Brown wakes up in the forest and returns to Salem “ a bewildered man,” and he shrinks away from everyone that he passes, including his wife, Faith (318). Brown knows the whole experience was a dream, but “it was a dream of evil omen for Young Goodman Brown”(319). He lost his faith in other people as well as in himself, and he can’t look at anyone the same way. He has become a human embodiment of doubt because he refused to look at evil, and he is left with a moral uncertainty that is much worse than the actual evil itself. He isolates himself from everyone, including his wife, and “[a] stern, a sad, a darkly meditative, a distrustful if not desperate man did he become from the night of that fearful dream”(319). He has lost faith in both senses of the word, and “he shrank from the bosom of Faith”(319).
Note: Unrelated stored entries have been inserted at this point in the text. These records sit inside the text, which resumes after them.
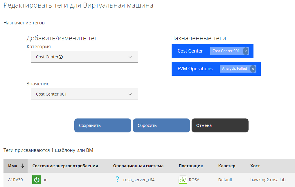 - Редактировать теги – выбрать "Категории" и "Значения" для назначения тегов пулу ресурсов.
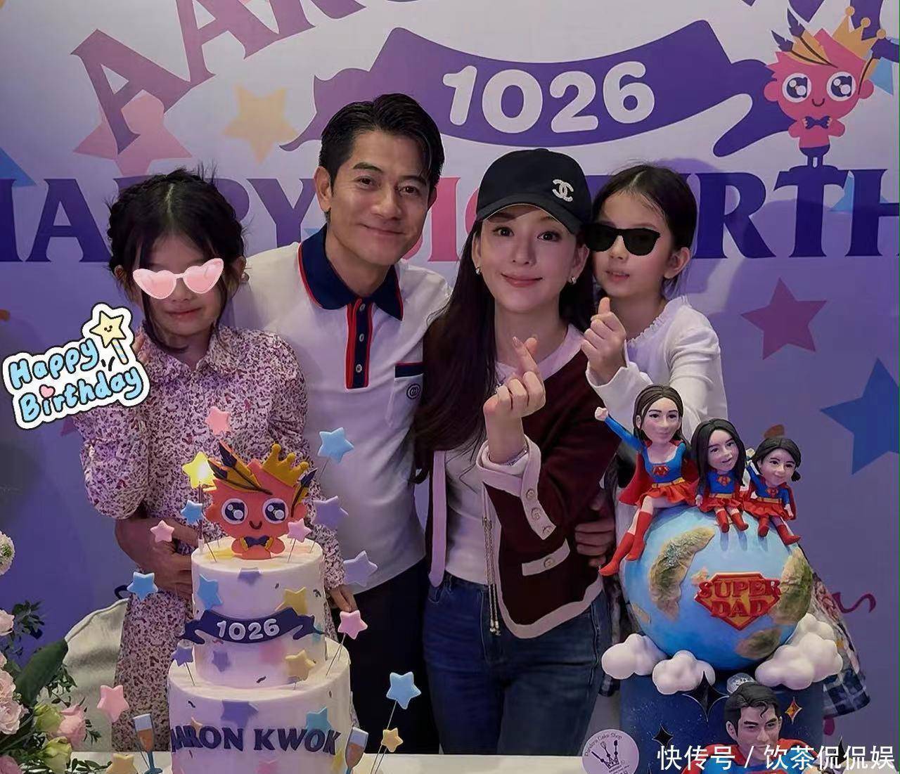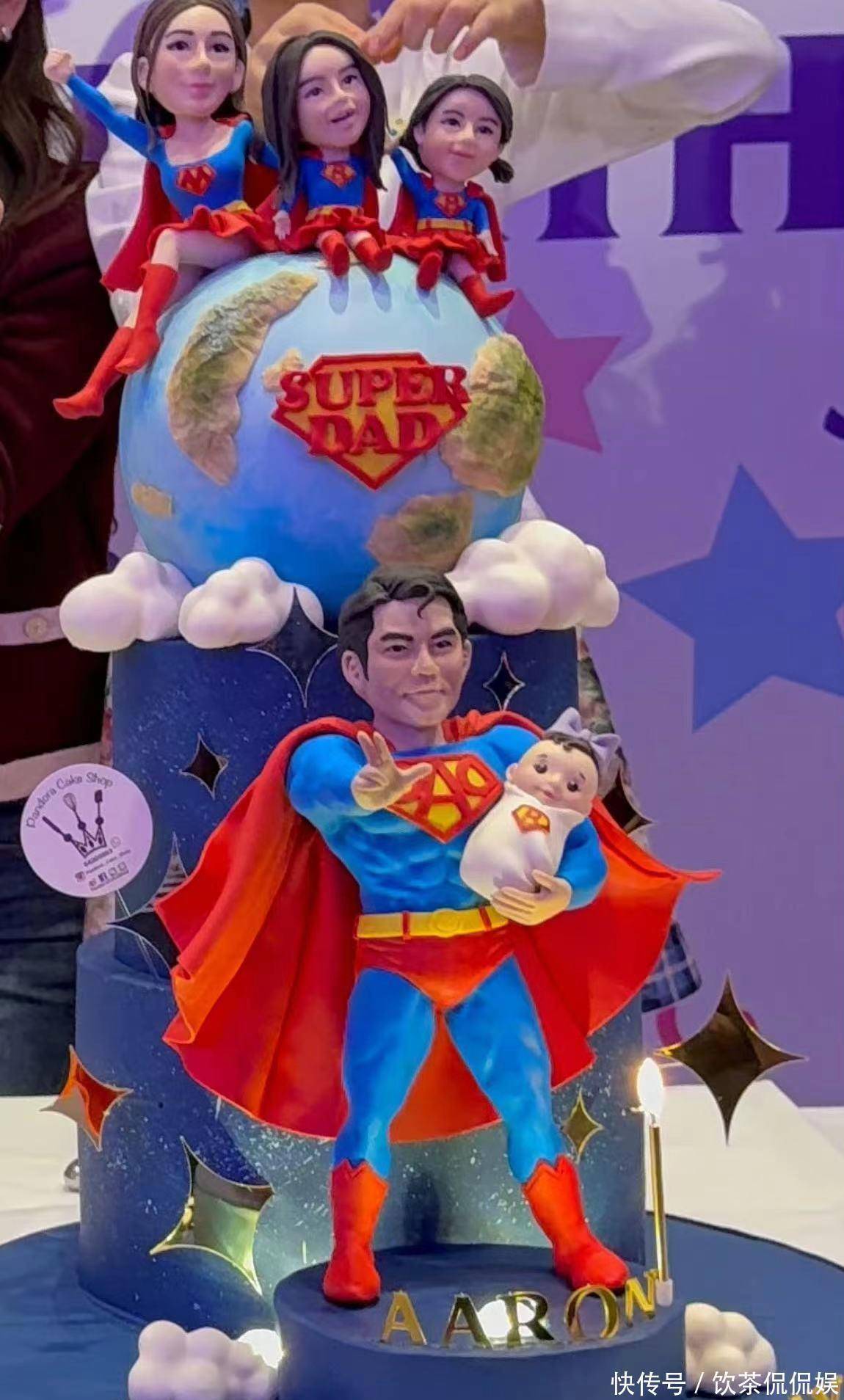 这个蛋糕做得也是很棒,郭天王变身超人,单手抱宝宝,妈妈方媛带着两个女儿坐在爸爸身后,这也是满满的爱意。他们是超人家庭,很可爱。
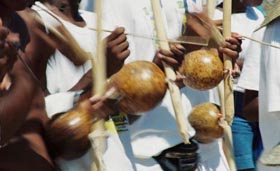 Рода – круг по-португальски. Участники собираются в круг, во главе которого стоит старейший или самый опытный игрок. Он играет на главном инструменте – беримбао, который имеет важное значение, и отношение к нему соответствующее. По сути, это тыква, через которую натянута тетива. Оркестр помогают создавать и другие инструменты – барабаны, пандейро (бубен). Поют исключительно на португальском. Песни о лучших игроках и просто случаях из жизни.
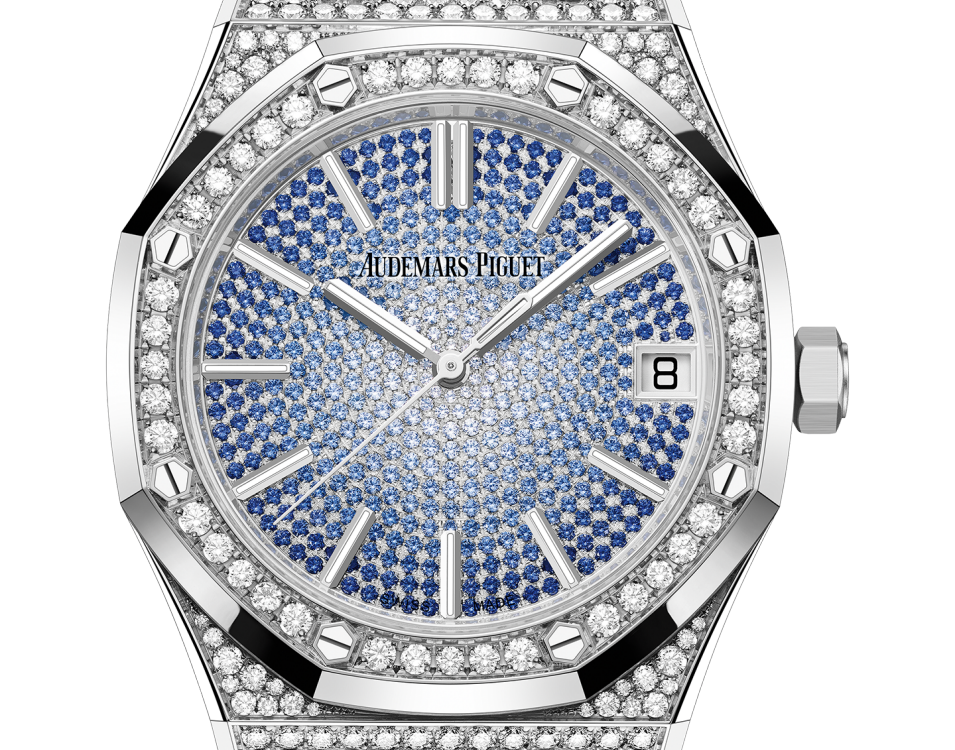 While the case and bracelet of this 41 mm white gold Royal Oak Selfwinding sparkles with brilliant-cut diamonds, the dial is paved with brilliant-cut graded blue sapphires radiating from the centre. The timepiece also features the collection’s new design evolution and the "50-years" oscillating weight.
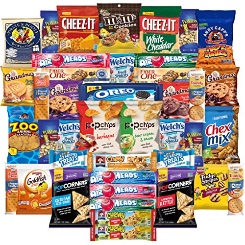 4 Grandmas Cookies (2.5 oz) 1 Cheez It (1.5 oz) 1 Cheez It White Cheddar (1.5 oz) 1 Oreos (2 oz) 1 Snyders (1.5 oz) 1 Gold Fish (1 oz) 1 Chex Mix (1.75 oz) 1 m&m Cookies (1.6 oz) 1 Keebler Fudge Stripes (2 oz) 1 Andys Hot Fries (0.85 oz) 1 Pirates Booty (0.5 oz) 1 Animal Crackers (2 oz) 2 Fiber One Bars (1.4 oz) 4 Planters Peanuts (1 oz) 3 Rice Krispies (0.78 oz) 3 Welches Fruit Snacks (0.9 oz) 3 Airheads (0.55 oz) 3 Quaker Chewy Bars (0.78 oz) 4 Lances Crackers (1.52 oz) 5 Wise Chips (0.75 oz)
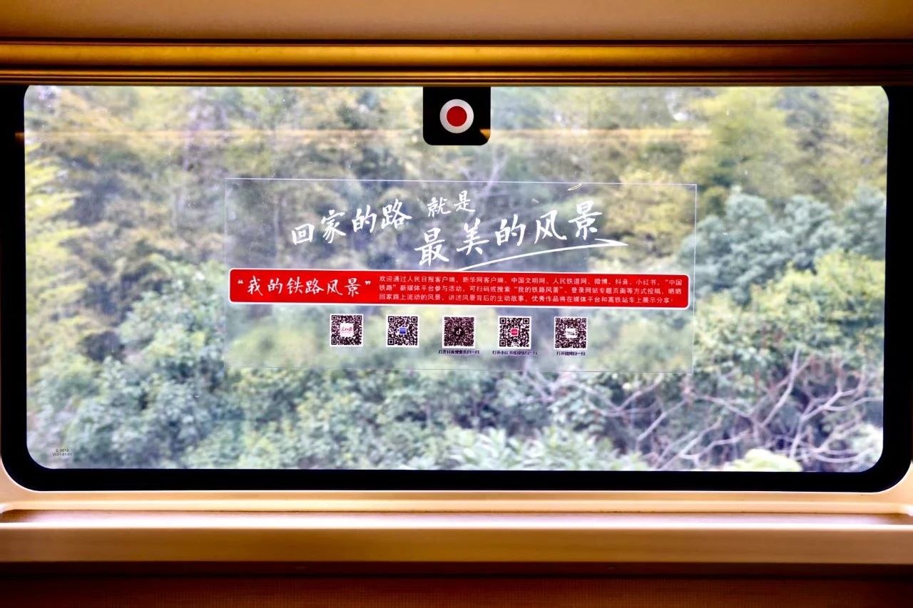 “回家的路就是最美风景”,由南昌开往厦门的G5314次列车上“我的铁路风景”主题窗花格外显眼。

He shrinks from his own spirituality because he knows he has been required to face and acknowledge the evil in himself and others, and that frightens him more than anything else. His inability to judge between good and evil also prevents him from cuddling or accepting “faith,” and interacting with the other townspeople. He lived a long miserable life and died with “no hopeful verse upon his tombstone, for his dying hour was gloom”(319). His death was gloom because he didn’t know where he was going to end up, above or below his deathbed. Brown’s moral and social isolation is the worst possible evil that a man can ever have happen to him. If he would have looked at the evils in mankind, he could’ve recognized the good in people. That was the full intention of the dream, but he failed the test miserably.